[CR] UTMB 171 km 10.000m de D+

Commençons par le sas de départ de l’UTMB. Mon cœur y avait déjà battu 2 ans auparavant tandis que j’accompagnais Antoine dans sa tentative avortée. Je venais de finir la TDS et je l’aurais bien accompagné, c’est peut-être là que j’avais décidé de m’inscrire puisque j’avais les points. Cette immense émotion qui précède le départ je ne l’ai pas du tout ressentie lors de ma propre tentative. Là j’étais bien content de ne pas être trop loin dans le sas d’attente mais trop inquiet de savoir comment ça allait se passer pour profiter de l’ambiance si particulière des départs de l’UTMB. Je me demande si je n’ai pas exagéré en ne me préparant pas particulièrement pour cette épreuve. Je reçois un SMS de Martine qui me demande où je suis et je me trouve mesquin de ne pas quitter ma bonne place pour aller lui faire la bise. Des chinois resquillent en franchissant les barrières de sécurité au dernier moment, c’est pas cool, pas sportif, il n’y a pas une bonne ambiance dans ce sas de départ. Le speaker est minable, il nous demande de taper dans nos mains, c’est ridicule. Il demande aussi à ceux qui n’en sont pas à leur premier UTMB de lever leurs  mains et personne ne la lève. Pas bon signe ça, ça veut dire que personne n’est en train d’y revenir comme si cette épreuve mythique décourageait ceux qui l’avaient réussi d’y retourner. Bizarre non ?

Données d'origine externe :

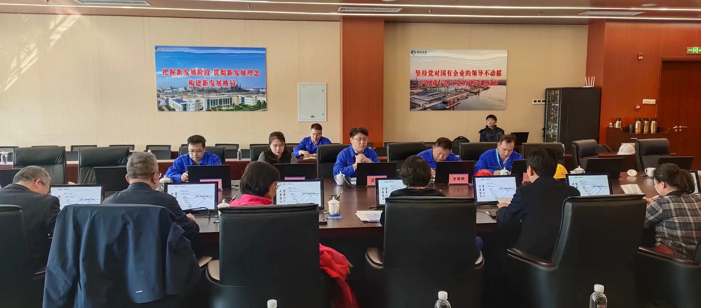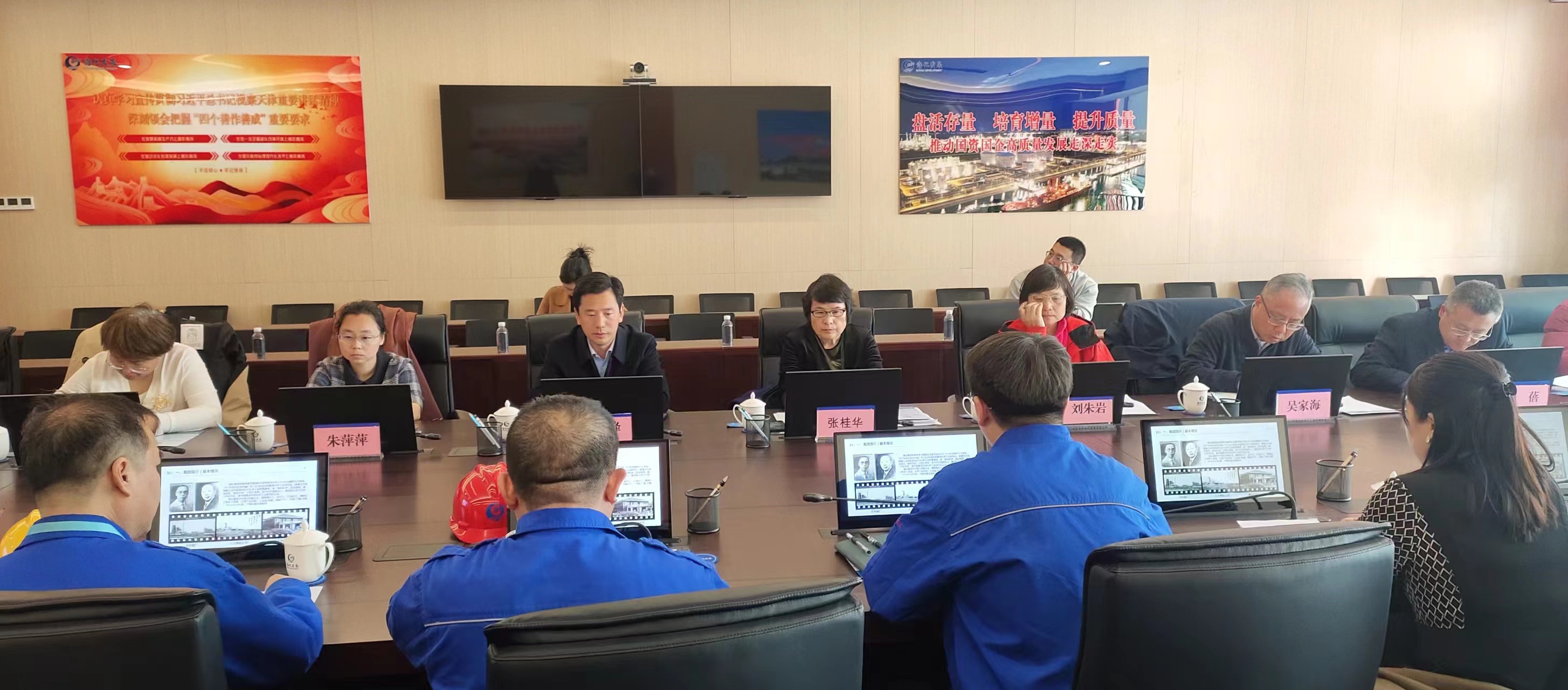 隨后,一行人來到實訓基地會議室進行座談,武春雷詳細介紹了渤化集團的產業(yè)結構、研究總院的起源、科技延承等情況。張桂華區(qū)長詳細了解了渤化集團關于品牌推廣、氫能利用、院所合作、文化建設、體系建設等方面情況,對相關工作給予了充分的肯定并提出了指導性意見。

Quand résonne la fameuse musique du départ je ne ressent aucun frisson particulier, les poils de mon échine restent de marbre. Il se pourrait que l’effet des Charriots de Feu soit mille fois plus important sur les spectateurs que sur les participants ?

En tout cas lorsque le départ est donné j’ai l’impression d’être on ne peut mieux placé. Je n’ai rien à prouver, je pars à mon rythme et alors que tout est fait pour que l’on s’emballe j’ai l’impression de partir bien tranquillement. Je suis juste bien content de ne jamais avoir l’impression d’être gêné une fois dépassé les rues piétonnes de Chamonix.

Dans les 8 kilomètres qui nous séparent des Houches je n’hésite pas à marcher dès que ça monte et je pense beaucoup à mon état lamentable à la fin de la TDS qui passe par le même chemin dans l’autre sens à la fin.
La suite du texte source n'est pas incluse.